The process to land a TED Talk is ripe with confusion. Here are the most common misconceptions speakers have about how to land a TED Talk.
They think they have to be discovered or “invited”, rather than realizing they can apply proactively
It’s ok to try to grow your online influence and hope that you’ll get noticed one day (some TEDx speakers are “found”), but you can also apply to any event. Many have open speaker applications on their websites, and I can show you how to find them before they lock down their speaker list!
They work on having a great talk rather than a great pitch
When you decide to buy a book, you don’t read the whole book first – you look at the title and description. When you decide whether to click on an article, you don’t read the article first – you decide based on the title, picture, and sometimes a summary.
Many speakers work hard on getting feedback on their entire talk and making sure it’s amazing. TEDx events sometimes get over 200 submissions, so aren’t able to review everyone’s entire talk (and most speakers don’t have their talk written first). Instead, TEDx events will often make a decision whether to move on with a speaker based on a brief concept, so it makes sense to test and refine this so you have a rejection-proof pitch.
They focus on their speaking ability rather than their idea
Although you need to be a good communicator for people to understand your idea, good speaking only helps if you have an idea TEDx organizers are interested in. People don’t read books because the author is great at typing and using grammar correctly – they want the message that the author communicates. Many TEDx speakers are inexperienced speakers, but they have great ideas (after all, the tagline for TED is “Ideas Worth Spreading” not “people that are great speakers”).
They rely on word of mouth to find TEDx opportunities, so only learn about events after speakers have been finalized
TED maintains a directory of TEDx events happening in the next year, and there are several techniques I teach to find each and every TEDx speaking opportunity. Most people don’t know this technique and only learn about a TEDx event happening locally because of the event’s marketing. This marketing ramps up as they want to sell tickets, and by then, speakers have already been finalized.
They think all TEDx events are run by TED employees (or expect them to all be the same)
The truth is, TEDx events all have different organizers that are all volunteers, and none of them are employees of TED. This means applying to one doesn’t harm (or help) your chances at any other event, and applying on the TED.com website will not allow you to be considered for any TEDx event. Further, each TEDx event will have different videography teams and the quality of the production varies drastically.

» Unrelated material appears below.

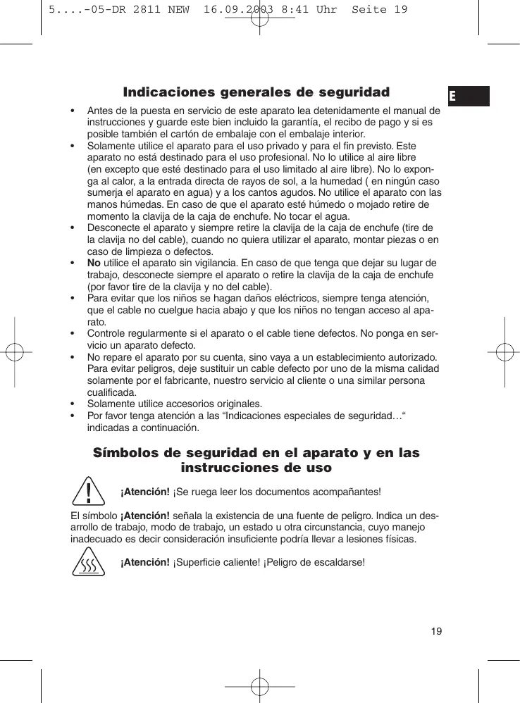 Antes de la puesta en servicio de este aparato lea detenidamente el manual de instrucciones y guarde este bien incluido la garantía, el recibo de pago y si es posible también el cartón de embalaje con el embalaje interior. Solamente utilice el aparato para el uso privado y para el fin previsto. Este aparato no está destinado para el uso profesional. No lo utilice al aire libre (en excepto que esté destinado para el uso limitado al aire libre). No lo exponga al calor, a la entrada directa de rayos de sol, a la humedad ( en ningún caso sumerja el aparato en agua) y a los cantos agudos. No utilice el aparato con las manos húmedas. En caso de que el aparato esté húmedo o mojado retire de momento la clavija de la caja de enchufe. No tocar el agua. Desconecte el aparato y siempre retire la clavija de la caja de enchufe (tire de la clavija no del cable), cuando no quiera utilizar el aparato, montar piezas o en caso de limpieza o defectos. No utilice el aparato sin vigilancia. En caso de que tenga que dejar su lugar de trabajo, desconecte siempre el aparato o retire la clavija de la caja de enchufe (por favor tire de la clavija y no del cable). Para evitar que los niños se hagan daños eléctricos, siempre tenga atención, que el cable no cuelgue hacia abajo y que los niños no tengan acceso al aparato. Controle regularmente si el aparato o el cable tiene defectos. No ponga en servicio un aparato defecto. No repare el aparato por su cuenta, sino vaya a un establecimiento autorizado. Para evitar peligros, deje sustituir un cable defecto por uno de la misma calidad solamente por el fabricante, nuestro servicio al cliente o una similar persona cualificada. Solamente utilice accesorios originales. Por favor tenga atención a las “Indicaciones especiales de seguridad…“ indicadas a continuación. Símbolos de seguridad en el aparato y en las instrucciones de uso ¡Atención! ¡Se ruega leer los documentos acompañantes! El símbolo ¡Atención! señala la existencia de una fuente de peligro. Indica un desarrollo de trabajo, modo de trabajo, un estado u otra circunstancia, cuyo manejo inadecuado es decir consideración insuficiente podría llevar a lesiones físicas. ¡Atención! ¡Superficie caliente! ¡Peligro de escaldarse!

They don’t realize the difference between TED and TEDx
The truth is, most people think of “TED Talks” as a talk given at either a TED or TEDx event. TED gets about 25,000 speaker applicants every year (for about 100 spots to speak). TEDx events get about 50-100, and TED reserves many speaking spots for past TEDx speakers. So, if most of the general public doesn’t know the difference and it’s a lot easier, TEDx is an untapped opportunity (it certainly helped people like Simon Sinek and Brene Brown spread their messages worldwide!).